Mozilla has published a report accusing Microsoft of using deceptive design to steer Windows users towards its Edge browser. It says the problem persists across several markets, including India, the US and the UK.
The study, titled Over The Edge 2.0, was conducted by deceptive design specialists Dr Harry Brignull and Cennydd Bowles. It revisits claims first examined two years ago and concludes that Microsoft still makes it difficult for people to download, set as default and continue using rival browsers across Windows, Bing and Copilot.
Among the practices highlighted, Windows Search and Widgets continue to open links in Edge even when users have chosen another default browser. Edge also places a banner on the Chrome download page on google.com, while Windows Backup does not consistently preserve browser settings when users move from Windows 10 to Windows 11.
The researchers tested Windows 10 and Windows 11 in India, the US, the UK and Germany. Mozilla says the results showed a marked difference between the European Economic Area and other regions, with users in Europe getting a fairer browser choice experience because of regulatory requirements under the Digital Markets Act.
In Germany, used in the study as a proxy for the European Economic Area, Microsoft had removed some of the more problematic patterns identified in earlier work. Outside that region, including in India and the US, nearly every documented harmful pattern remained in place, according to Mozilla.
Regional divide
The findings add to a broader debate over how large technology platforms present choice to users and whether design decisions can entrench dominant products. Browser defaults have long drawn regulatory attention because they shape how people access search, online services and software tied to wider digital ecosystems.
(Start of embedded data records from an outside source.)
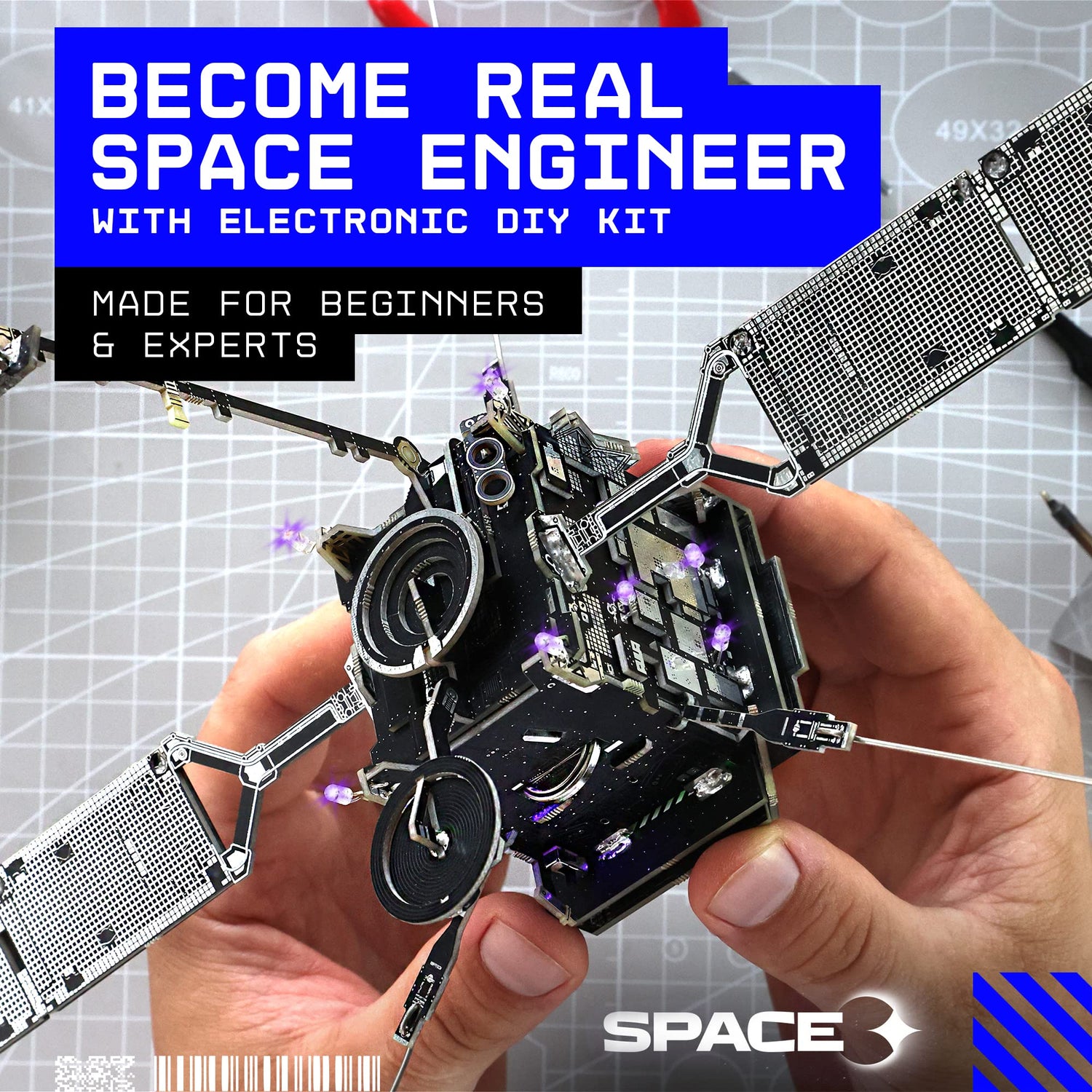 Geeek Club Space O DIY Engineering Kit - Solar Orbiter Model Building Kit - Solar-Powered Science Toy Kits - Educational STEM Kit, Electrical Engineering Kit - DIY Toy Gift for Adults, Teens, Kids 14+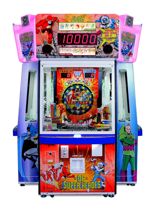 This new highly entertaining DC Superheroes arcade game is a Token + Card Pusher Arcade Game which the players try to press the "shoot" button to rotate the large wheel on the back wall of the cabinet and drop a token through a peg maze. If the player times it just right they can get the token through the "Bonus Drop" area of the maze which will stop the bonus spinner above it which will drop bonus tokens or cards onto the playfield in order for players to collect cards and win tickets!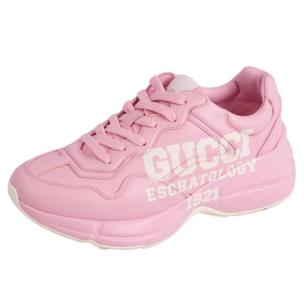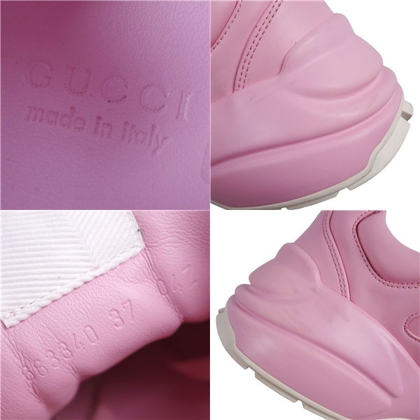 | 美品 グッチ GUCCI スニーカー RHYTON ライトン ロゴ レザー シューズ 靴 レディース イタリア製 37(24cm相当) ピンク |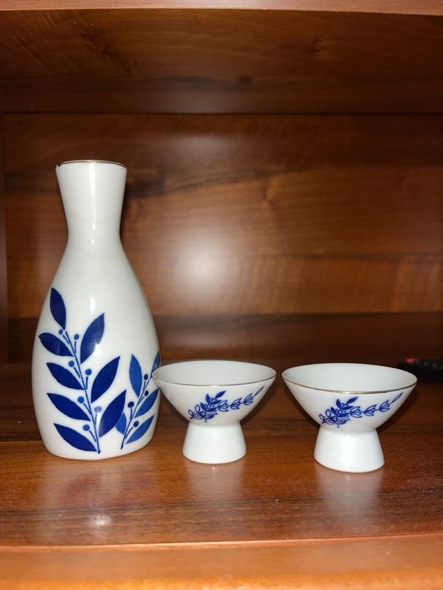 Set Sake Gekkeikan Giapponese Vintage bianco con motivi blu.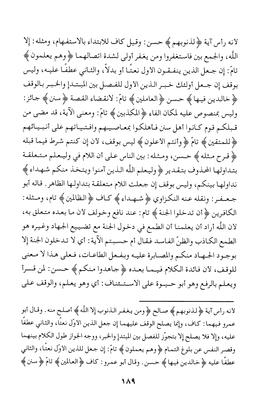 لأنه رأس آية لِذُنُوبِهِمْ حسن: وقيل كاف للابتداء بالاستفهام، ومثله: إلا الله، والجمع بين فاستغفروا ومن يغفر أولى لشدة اتصالهما وَهُمْ يَعْلَمُونَ تامّ: إن جعل الذين ينفقون الأول نعتا أو بدلا، والثاني عطفا عليه، وليس بوقف إن جعل أولئك خبر الذين الأول للفصل بين المبتدإ والخبر بالوقف خالِدِينَ فِيها حسن الْعامِلِينَ تامّ: لانقضاء القصة سُنَنٌ جائز:

Mozilla argues that Microsoft has already shown it can change those experiences where rules require it to. The organisation is calling for the same browser choice arrangements to be applied globally, rather than only in jurisdictions with stricter competition obligations.
India features prominently in the report because of the size of its Windows user base and the scale of the migration still under way from Windows 10 to Windows 11. Mozilla says nearly 43% of Windows users in India were still on Windows 10 in the first quarter of 2026, the highest share among the regions tested.
That matters because browser preferences can be disrupted during device upgrades and software migration. The report says Windows Backup does not reliably retain a user's existing browser choices during the move from one version of the operating system to another.
AI concerns
The report also extends the browser choice debate to artificial intelligence tools embedded in operating systems. Mozilla says Copilot, Microsoft's AI assistant, opens web links in a side panel rendered by Edge regardless of the browser a user has set as default.
That approach, the report argues, raises a new competition issue as AI features become more tightly integrated with operating systems and other established products. If companies can direct users towards their own browser or web services through AI interfaces, defaults may become even more influential than they already are.
Windows remains one of the world's most widely used desktop operating systems, with Mozilla citing a share of roughly 65% of desktop devices globally. On that basis, the report argues that Microsoft's design choices can affect more than 1.4 billion users.
The report arrives as policymakers in several markets consider whether to introduce ex ante rules for large digital gatekeepers. Such rules aim to prevent anti-competitive conduct before it happens, rather than relying only on enforcement after the fact.
Mozilla links the European experience to that policy debate, arguing that the contrast between the European Economic Area and other markets shows how regulatory pressure can change product design. It says the same standards should not depend on where a user lives.
"Microsoft has shown that it can respect user choice. When regulators are watching, they make some changes. We would ask them to do it globally, rather than relying on competition regulation to force their hand," said Kush Amlani, Global Competition and Regulatory Lead at Mozilla.